Exercise requirements
Using only the entries below, output the lines starting at the one containing "Маркер акварельний SANTI" and ending at the one containing "Woman Driving Buggy", exactly and inclusive of both, omitting the pictures.

▼

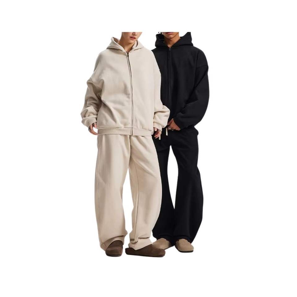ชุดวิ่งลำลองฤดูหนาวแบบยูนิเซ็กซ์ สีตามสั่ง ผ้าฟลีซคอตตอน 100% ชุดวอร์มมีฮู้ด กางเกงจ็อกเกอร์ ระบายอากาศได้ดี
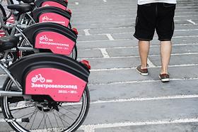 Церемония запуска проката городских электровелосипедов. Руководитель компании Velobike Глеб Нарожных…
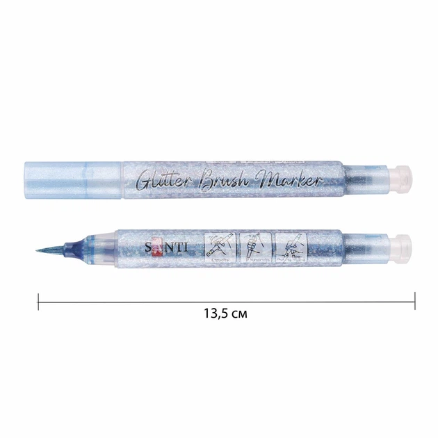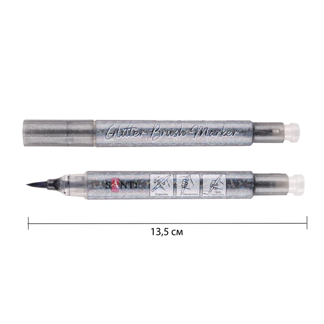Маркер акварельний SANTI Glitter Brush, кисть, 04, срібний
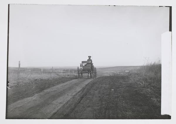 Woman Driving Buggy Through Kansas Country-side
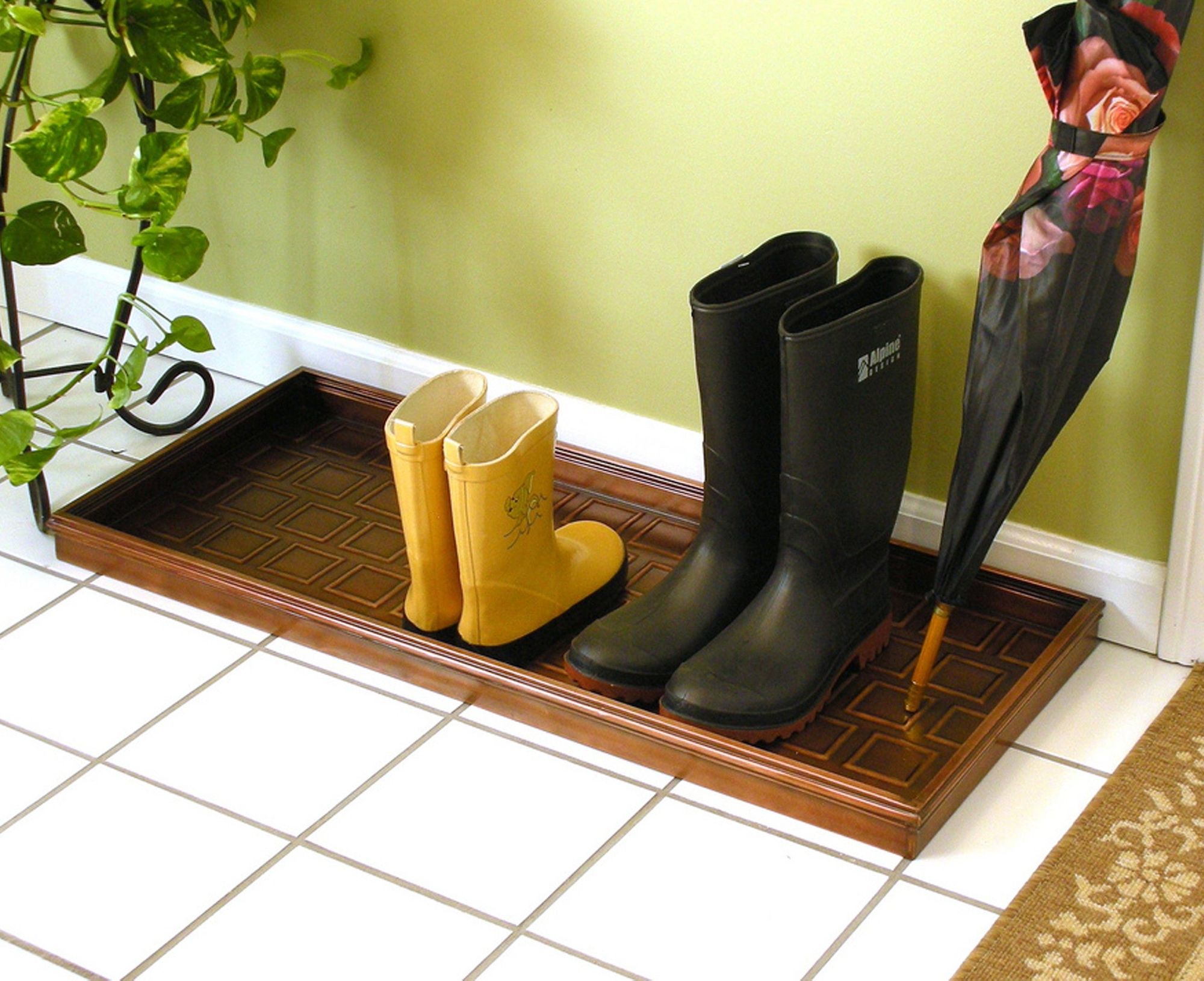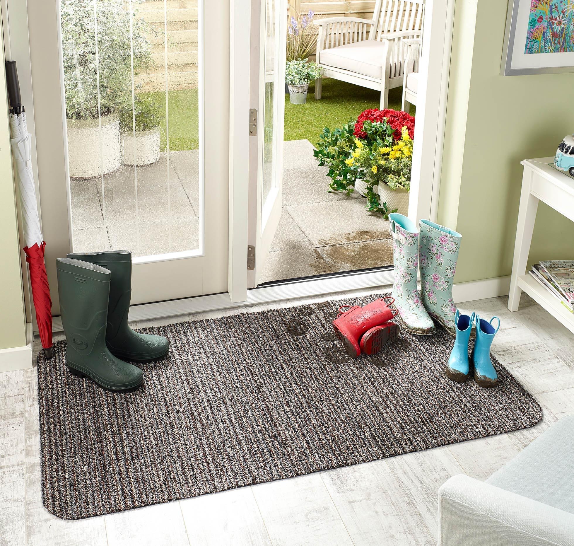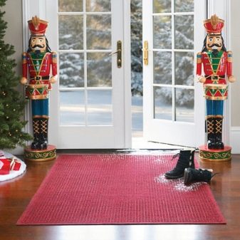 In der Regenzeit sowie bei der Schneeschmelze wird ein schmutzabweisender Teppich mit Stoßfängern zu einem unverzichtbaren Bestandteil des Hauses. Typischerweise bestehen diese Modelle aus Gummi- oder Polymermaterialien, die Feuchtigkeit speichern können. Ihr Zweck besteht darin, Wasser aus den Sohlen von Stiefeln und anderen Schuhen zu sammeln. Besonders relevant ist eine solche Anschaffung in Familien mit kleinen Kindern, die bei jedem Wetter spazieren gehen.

▲

Written solution
Маркер акварельний SANTI Glitter Brush, кисть, 04, срібний
 Woman Driving Buggy Through Kansas Country-side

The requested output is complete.